## WHAT TO WORK ON
Please copy every record below exactly, leaving out the pictures.

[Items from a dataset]
───
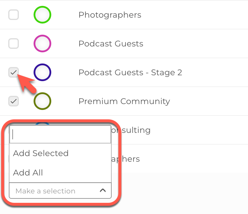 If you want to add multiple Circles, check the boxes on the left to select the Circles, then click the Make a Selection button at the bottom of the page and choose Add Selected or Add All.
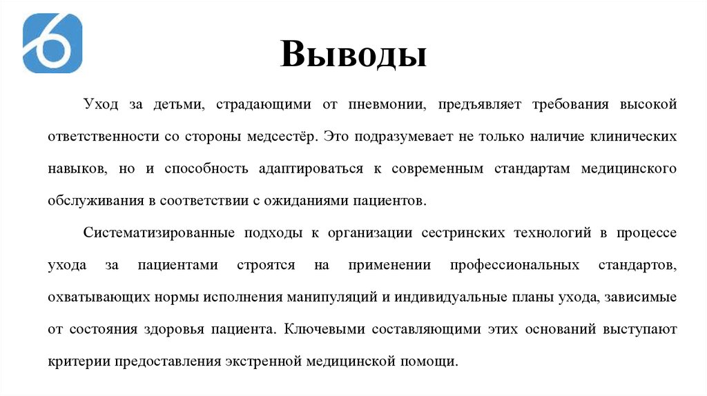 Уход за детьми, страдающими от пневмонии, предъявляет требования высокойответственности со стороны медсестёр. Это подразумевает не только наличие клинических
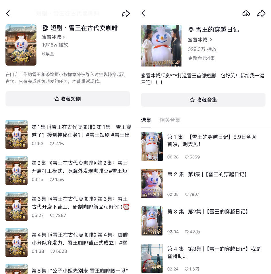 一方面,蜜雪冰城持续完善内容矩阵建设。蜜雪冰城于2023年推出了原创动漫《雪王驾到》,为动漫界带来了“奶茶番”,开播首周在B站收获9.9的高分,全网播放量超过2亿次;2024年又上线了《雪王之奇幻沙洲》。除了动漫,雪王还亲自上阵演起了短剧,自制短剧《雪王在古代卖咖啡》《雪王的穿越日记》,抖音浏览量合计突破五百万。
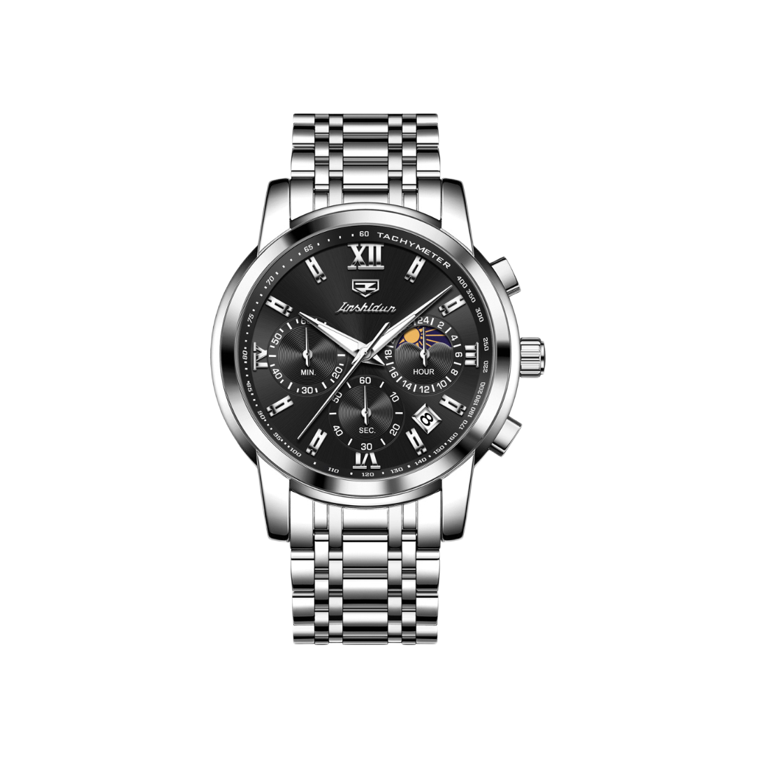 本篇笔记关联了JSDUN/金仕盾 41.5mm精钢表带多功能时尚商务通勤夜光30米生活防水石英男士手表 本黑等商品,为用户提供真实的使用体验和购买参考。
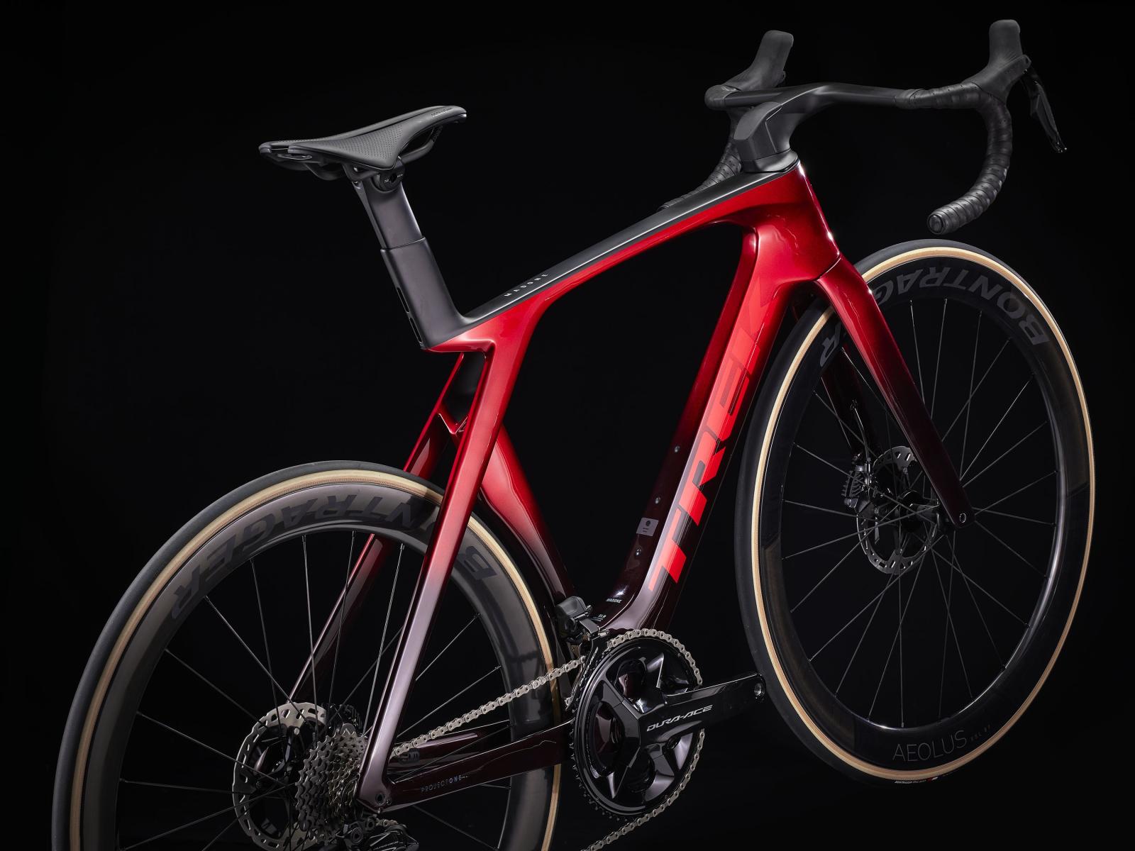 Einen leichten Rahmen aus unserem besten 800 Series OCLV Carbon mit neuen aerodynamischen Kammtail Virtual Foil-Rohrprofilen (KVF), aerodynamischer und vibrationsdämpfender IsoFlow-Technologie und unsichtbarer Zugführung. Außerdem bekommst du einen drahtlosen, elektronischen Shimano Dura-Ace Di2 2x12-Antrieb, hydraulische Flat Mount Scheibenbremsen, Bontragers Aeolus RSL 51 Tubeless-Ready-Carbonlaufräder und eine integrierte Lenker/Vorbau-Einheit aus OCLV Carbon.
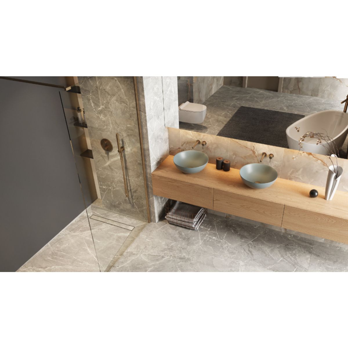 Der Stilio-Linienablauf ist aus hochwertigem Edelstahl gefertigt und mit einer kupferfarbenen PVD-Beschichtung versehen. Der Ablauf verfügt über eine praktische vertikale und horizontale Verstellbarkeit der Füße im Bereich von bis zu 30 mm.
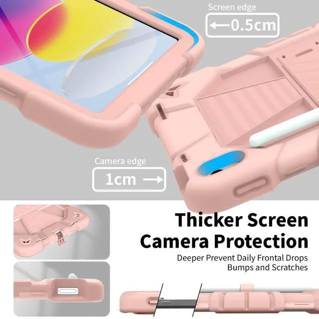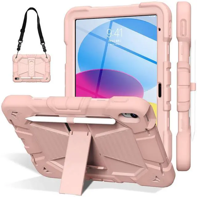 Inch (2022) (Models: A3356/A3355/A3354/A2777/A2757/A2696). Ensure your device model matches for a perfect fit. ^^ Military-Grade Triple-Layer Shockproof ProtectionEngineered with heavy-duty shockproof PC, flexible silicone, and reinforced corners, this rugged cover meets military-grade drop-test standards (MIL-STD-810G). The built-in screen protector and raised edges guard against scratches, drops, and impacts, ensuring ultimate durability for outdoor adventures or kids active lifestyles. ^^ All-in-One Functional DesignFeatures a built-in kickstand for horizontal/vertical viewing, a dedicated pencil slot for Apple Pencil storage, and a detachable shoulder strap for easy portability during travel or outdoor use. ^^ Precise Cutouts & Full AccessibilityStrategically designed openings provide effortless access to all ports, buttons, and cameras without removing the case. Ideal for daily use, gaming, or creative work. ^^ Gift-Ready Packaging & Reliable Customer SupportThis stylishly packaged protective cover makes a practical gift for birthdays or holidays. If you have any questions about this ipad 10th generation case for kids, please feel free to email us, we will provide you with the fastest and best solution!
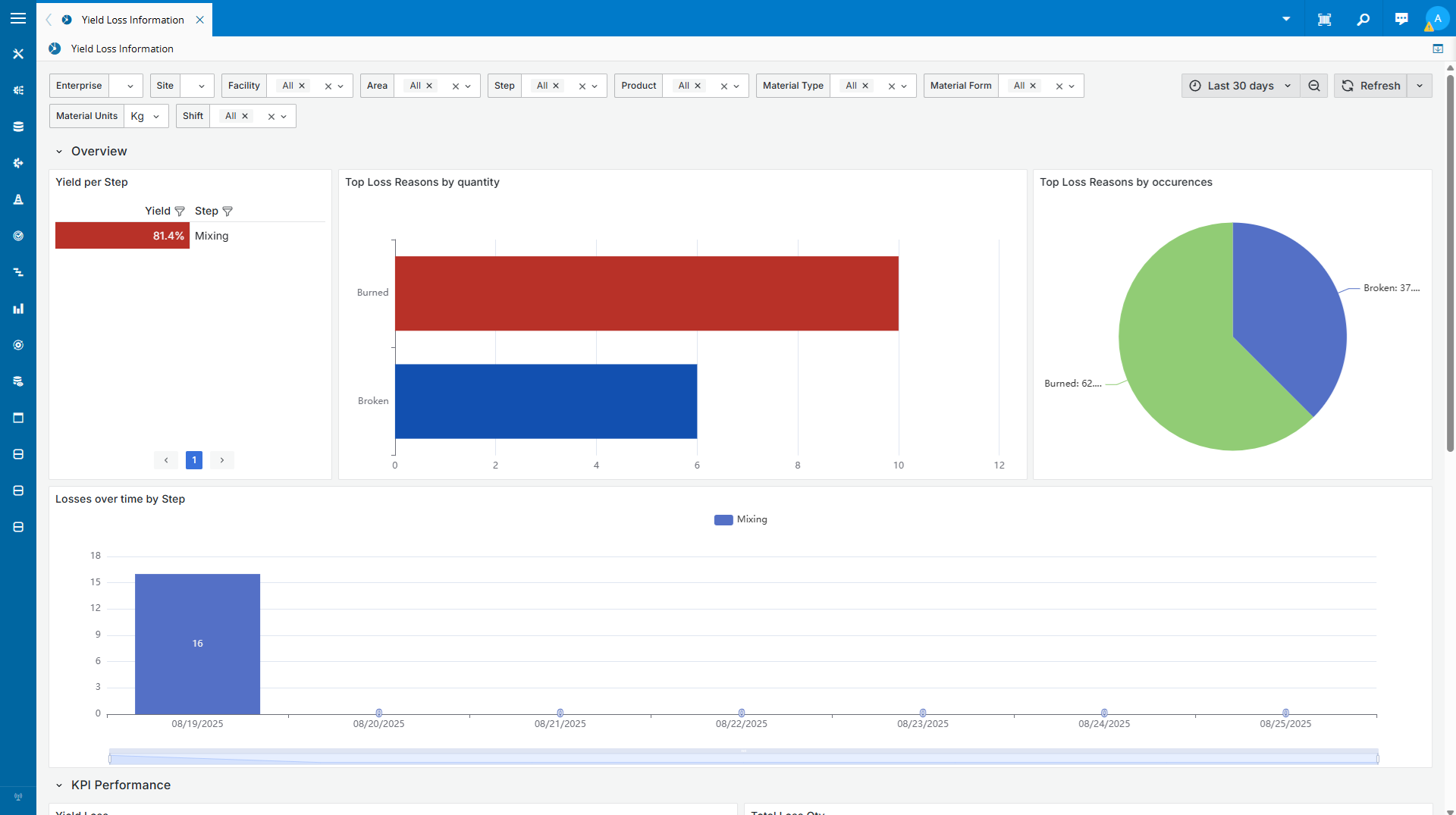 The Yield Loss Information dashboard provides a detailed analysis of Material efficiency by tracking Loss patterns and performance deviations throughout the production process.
───
## OUTPUT BELOW
 If you want to add multiple Circles, check the boxes on the left to select the Circles, then click the Make a Selection button at the bottom of the page and choose Add Selected or Add All.
 Уход за детьми, страдающими от пневмонии, предъявляет требования высокойответственности со стороны медсестёр. Это подразумевает не только наличие клинических
 一方面,蜜雪冰城持续完善内容矩阵建设。蜜雪冰城于2023年推出了原创动漫《雪王驾到》,为动漫界带来了“奶茶番”,开播首周在B站收获9.9的高分,全网播放量超过2亿次;2024年又上线了《雪王之奇幻沙洲》。除了动漫,雪王还亲自上阵演起了短剧,自制短剧《雪王在古代卖咖啡》《雪王的穿越日记》,抖音浏览量合计突破五百万。
 本篇笔记关联了JSDUN/金仕盾 41.5mm精钢表带多功能时尚商务通勤夜光30米生活防水石英男士手表 本黑等商品,为用户提供真实的使用体验和购买参考。
 Einen leichten Rahmen aus unserem besten 800 Series OCLV Carbon mit neuen aerodynamischen Kammtail Virtual Foil-Rohrprofilen (KVF), aerodynamischer und vibrationsdämpfender IsoFlow-Technologie und unsichtbarer Zugführung. Außerdem bekommst du einen drahtlosen, elektronischen Shimano Dura-Ace Di2 2x12-Antrieb, hydraulische Flat Mount Scheibenbremsen, Bontragers Aeolus RSL 51 Tubeless-Ready-Carbonlaufräder und eine integrierte Lenker/Vorbau-Einheit aus OCLV Carbon.
 Der Stilio-Linienablauf ist aus hochwertigem Edelstahl gefertigt und mit einer kupferfarbenen PVD-Beschichtung versehen. Der Ablauf verfügt über eine praktische vertikale und horizontale Verstellbarkeit der Füße im Bereich von bis zu 30 mm.
 Inch (2022) (Models: A3356/A3355/A3354/A2777/A2757/A2696). Ensure your device model matches for a perfect fit. ^^ Military-Grade Triple-Layer Shockproof ProtectionEngineered with heavy-duty shockproof PC, flexible silicone, and reinforced corners, this rugged cover meets military-grade drop-test standards (MIL-STD-810G). The built-in screen protector and raised edges guard against scratches, drops, and impacts, ensuring ultimate durability for outdoor adventures or kids active lifestyles. ^^ All-in-One Functional DesignFeatures a built-in kickstand for horizontal/vertical viewing, a dedicated pencil slot for Apple Pencil storage, and a detachable shoulder strap for easy portability during travel or outdoor use. ^^ Precise Cutouts & Full AccessibilityStrategically designed openings provide effortless access to all ports, buttons, and cameras without removing the case. Ideal for daily use, gaming, or creative work. ^^ Gift-Ready Packaging & Reliable Customer SupportThis stylishly packaged protective cover makes a practical gift for birthdays or holidays. If you have any questions about this ipad 10th generation case for kids, please feel free to email us, we will provide you with the fastest and best solution!
 The Yield Loss Information dashboard provides a detailed analysis of Material efficiency by tracking Loss patterns and performance deviations throughout the production process.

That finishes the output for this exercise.